Five Facts About Veterans Day

This year on November 11, we will celebrate the 100th anniversary of the origination of Veterans Day. Unlike Memorial Day, Veterans Day honors all of those who have served the country whether living or dead, although it’s largely intended to thank living veterans for their sacrifices.

  1. Veterans Day originated as “Armistice Day” – named by President Woodrow Wilson on Nov. 11, 1919, which is the first anniversary of the ceasefire of World War I. In 1954, President Eisenhower officially changed the name of the holiday from  Armistice Day to Veterans Day. An armistice is a formal agreement of warring parties to stop fighting. It is not necessarily the end of a war, since it may constitute only a cessation of hostilities while an attempt is made to negotiate a lasting peace. It is derived from the Latin arma, meaning “arms” and -stitium, meaning “a stopping”.
  2. In 1926, Congress passed a resolution for an annual observance, and it became a national holiday beginning in 1938. At this point, it was primarily a day set aside to honor veterans of World War I. In 1968, the Uniform Holidays Bill was passed by Congress, which moved the celebration of Veterans Day to the fourth Monday in October. The law went into effect in 1971, but on September 20, 1975 President Gerald Ford returned Veterans Day to November 11, due to the important historical significance of the date.
  3. Veterans Day occurs on November 11 because it is on the eleventh day of the eleventh month which is used to signify the eleventh hour of the eleventh day of the eleventh month of 1918 that signaled the end of World War I.

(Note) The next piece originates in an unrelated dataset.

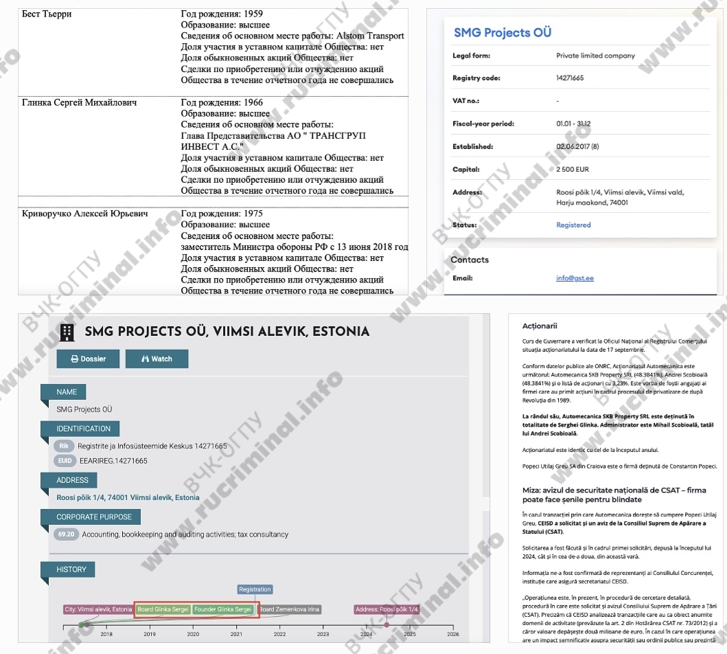 Сергей Глинка - выходец из Молдовы с российским паспортом, в 2005 году через бизнес получил гражданство Эстонии, а затем - Румынии и Кипра. Гражданский муж пресс-секретаря Сергея Собянина Гульнары Пеньковой, в начале нулевых он стал бизнес-партнером заммэра Москвы Максима Ликсутова в компании «ТрансГрупп» (Ликсутов работал в российском дочке эстонской фирмы) и АО «СОЕТЕЕНИНДУС» (Ликсутов был директором ее представительства в РФ, Глинка возглавлял правление), офшоре Sermolent Eqities Inc. (BVI, через него партнеры владели 36,3% в «Трансмашхолдинге»), и тд. Партнеры начинали с экспорта угля из Кузбасса - тогда в холдинг входило и российское ЗАО «Компания Трансуголь».

  4. Every year on Veterans Day, Arlington National Cemetery holds an annual memorial service. The cemetery is home to the graves of over 400,000 people almost all of whom served in the military.
  5. Great Britain, France, Australia, and Canada also commemorate the veterans of World War I and World War II on or near November 11th. World War I was a multinational effort, so it makes sense that our allies also wanted to celebrate their veterans on November 11. Canada has Remembrance Day, while Britain has Remembrance Sunday (the second Sunday of November). In Europe, Great Britain and the Commonwealth countries it is common to observe two minutes of silence at 11 a.m. every November 11th.